## Activity
The listing below has to be output exactly as given, less its pictures.

## Input data
※
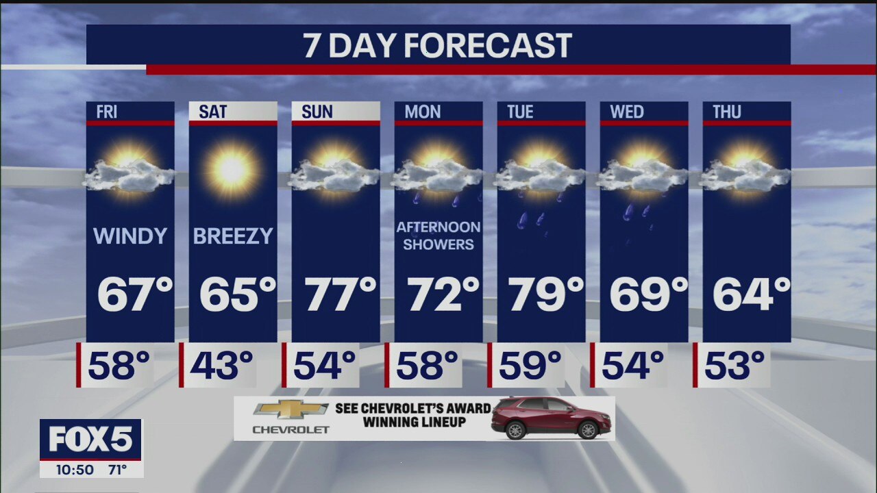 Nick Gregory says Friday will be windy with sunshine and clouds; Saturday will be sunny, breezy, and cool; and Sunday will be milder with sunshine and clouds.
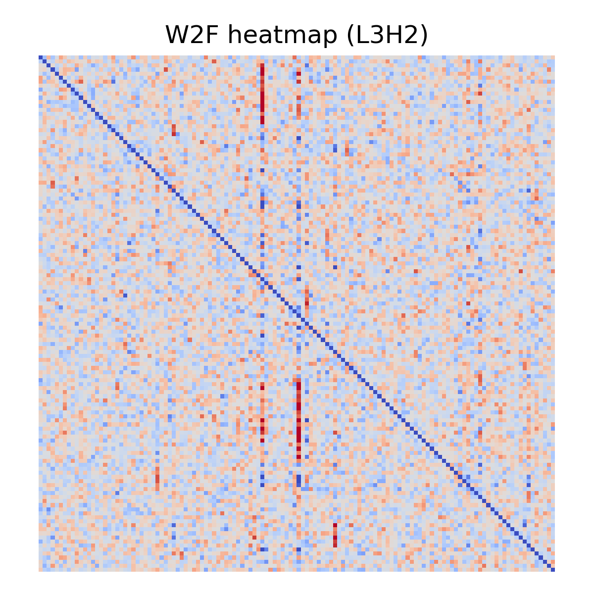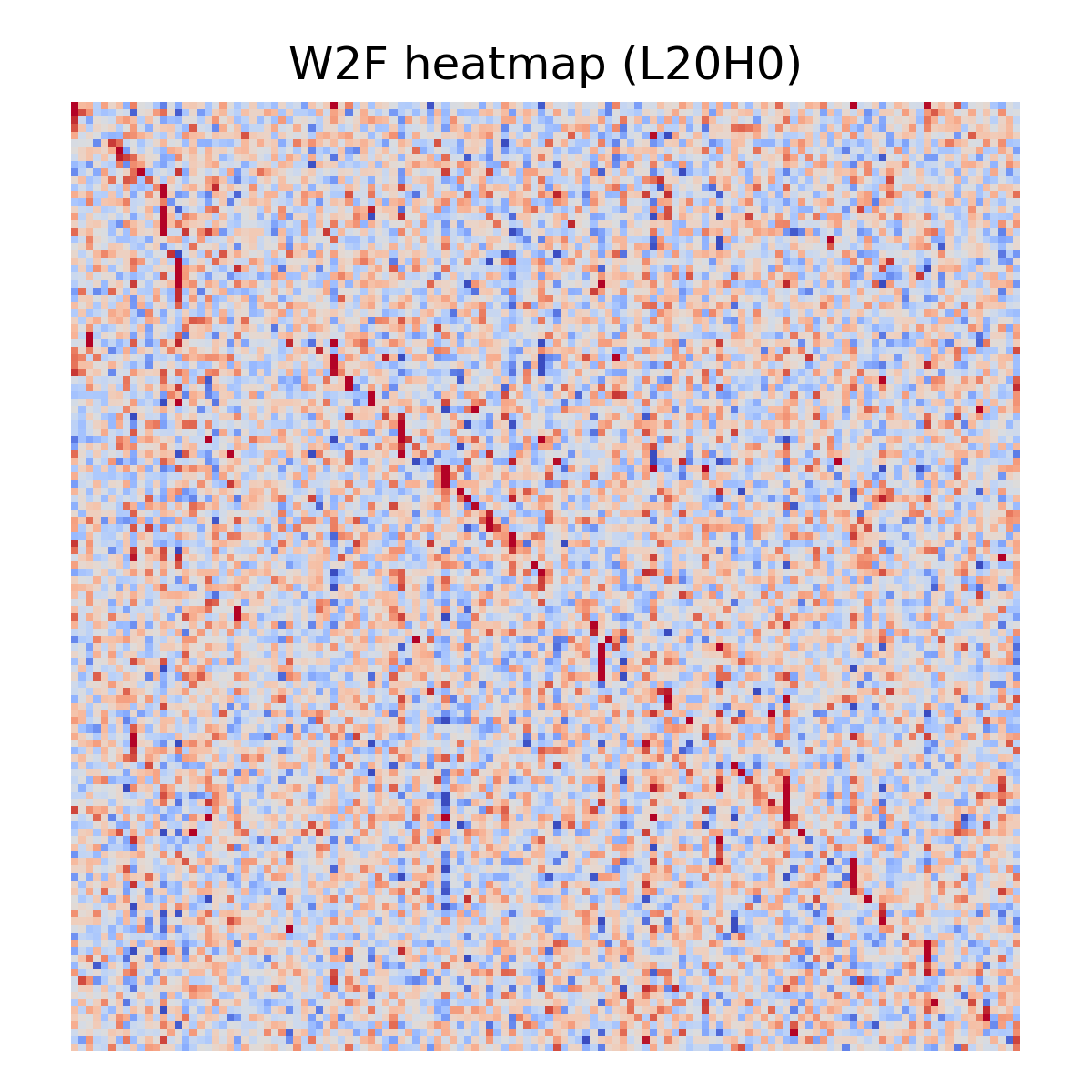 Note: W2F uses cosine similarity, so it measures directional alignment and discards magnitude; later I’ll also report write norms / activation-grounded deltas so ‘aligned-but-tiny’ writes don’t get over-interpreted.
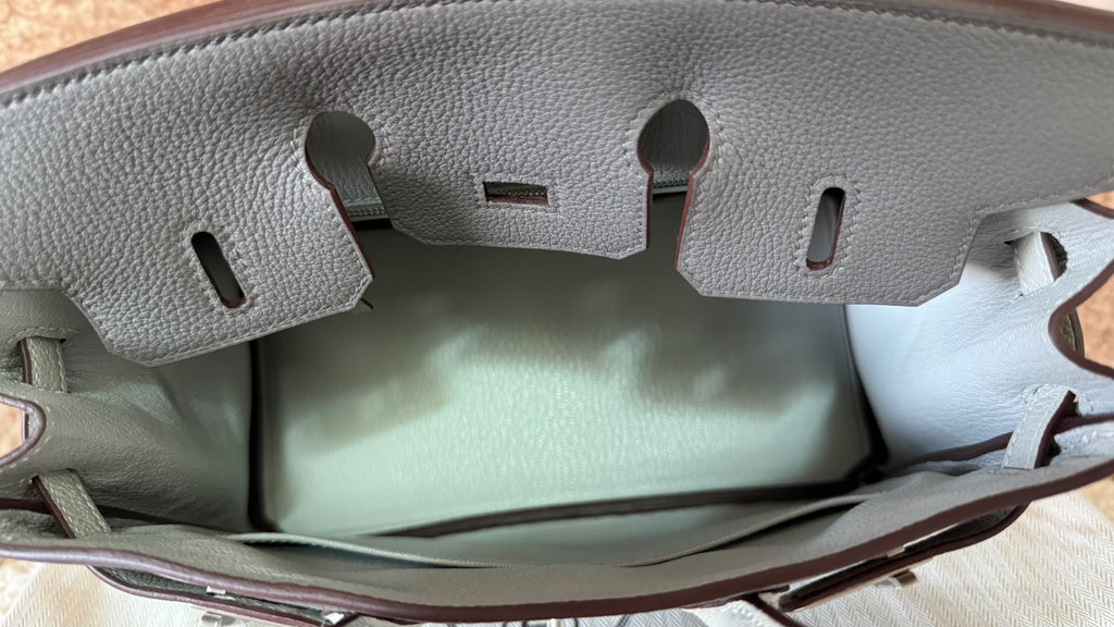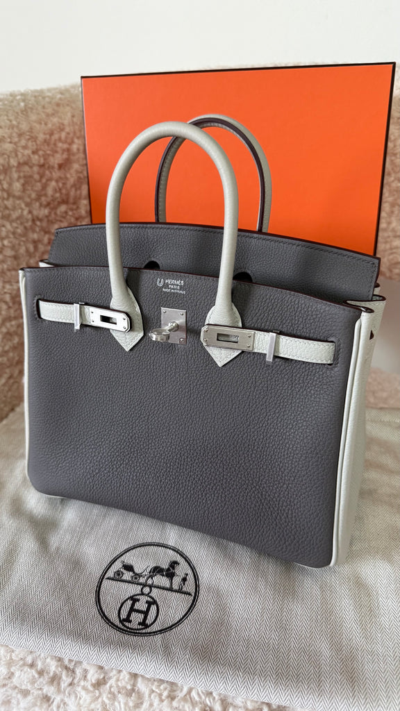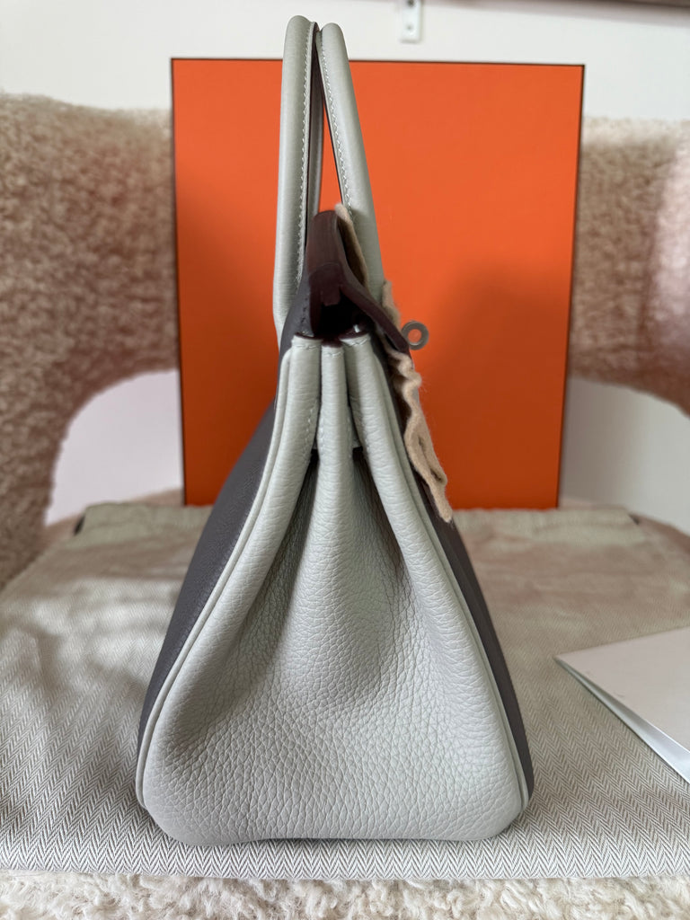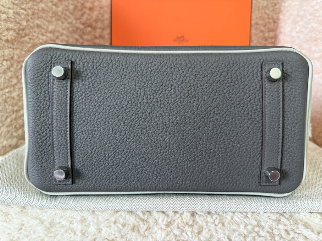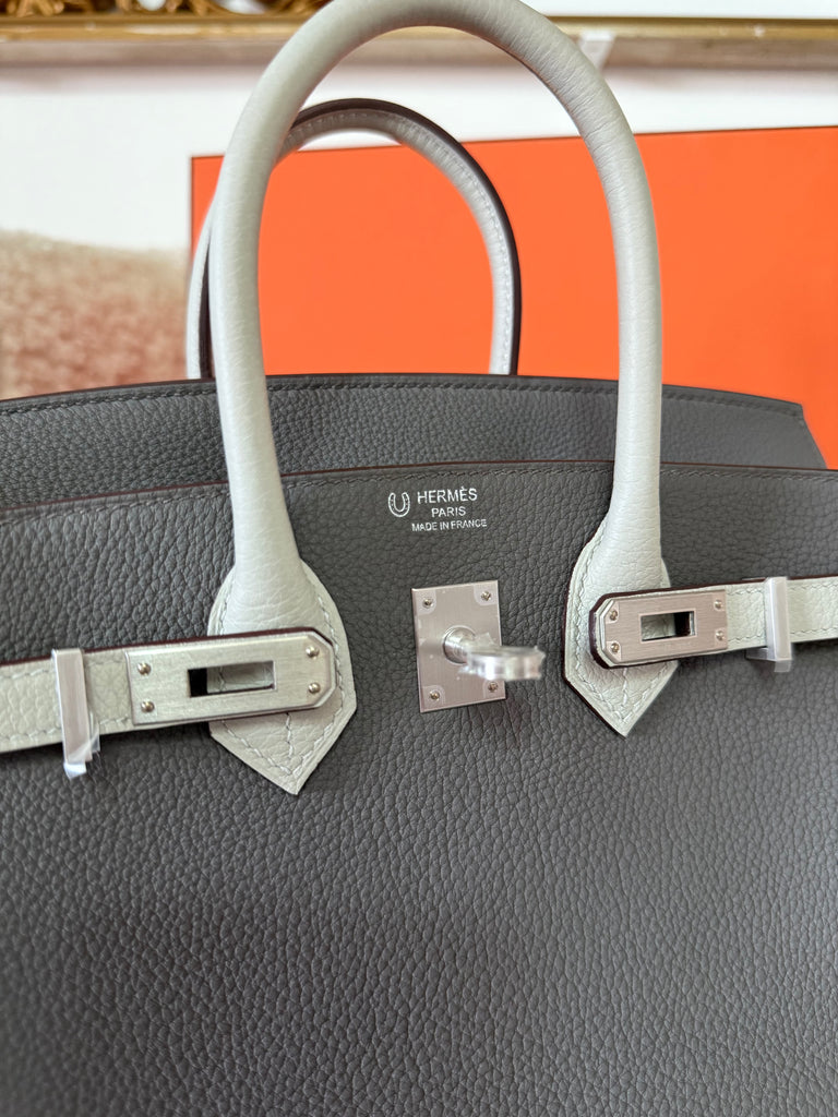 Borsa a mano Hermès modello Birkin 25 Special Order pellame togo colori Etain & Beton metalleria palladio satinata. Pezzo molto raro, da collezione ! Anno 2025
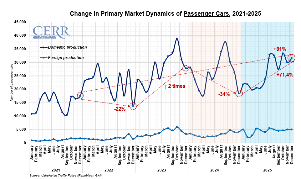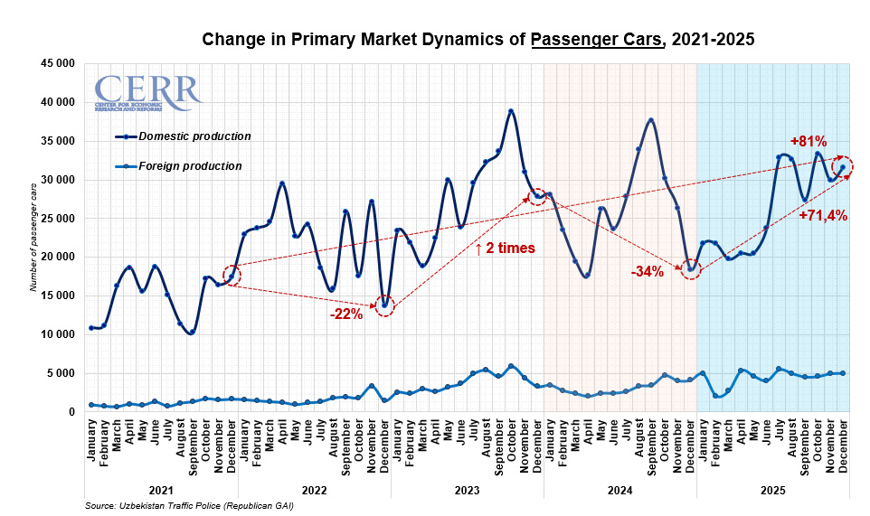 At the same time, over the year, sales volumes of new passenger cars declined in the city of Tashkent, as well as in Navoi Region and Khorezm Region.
※
## Reply to the task
 Nick Gregory says Friday will be windy with sunshine and clouds; Saturday will be sunny, breezy, and cool; and Sunday will be milder with sunshine and clouds.
 Note: W2F uses cosine similarity, so it measures directional alignment and discards magnitude; later I’ll also report write norms / activation-grounded deltas so ‘aligned-but-tiny’ writes don’t get over-interpreted.
 Borsa a mano Hermès modello Birkin 25 Special Order pellame togo colori Etain & Beton metalleria palladio satinata. Pezzo molto raro, da collezione ! Anno 2025
 At the same time, over the year, sales volumes of new passenger cars declined in the city of Tashkent, as well as in Navoi Region and Khorezm Region.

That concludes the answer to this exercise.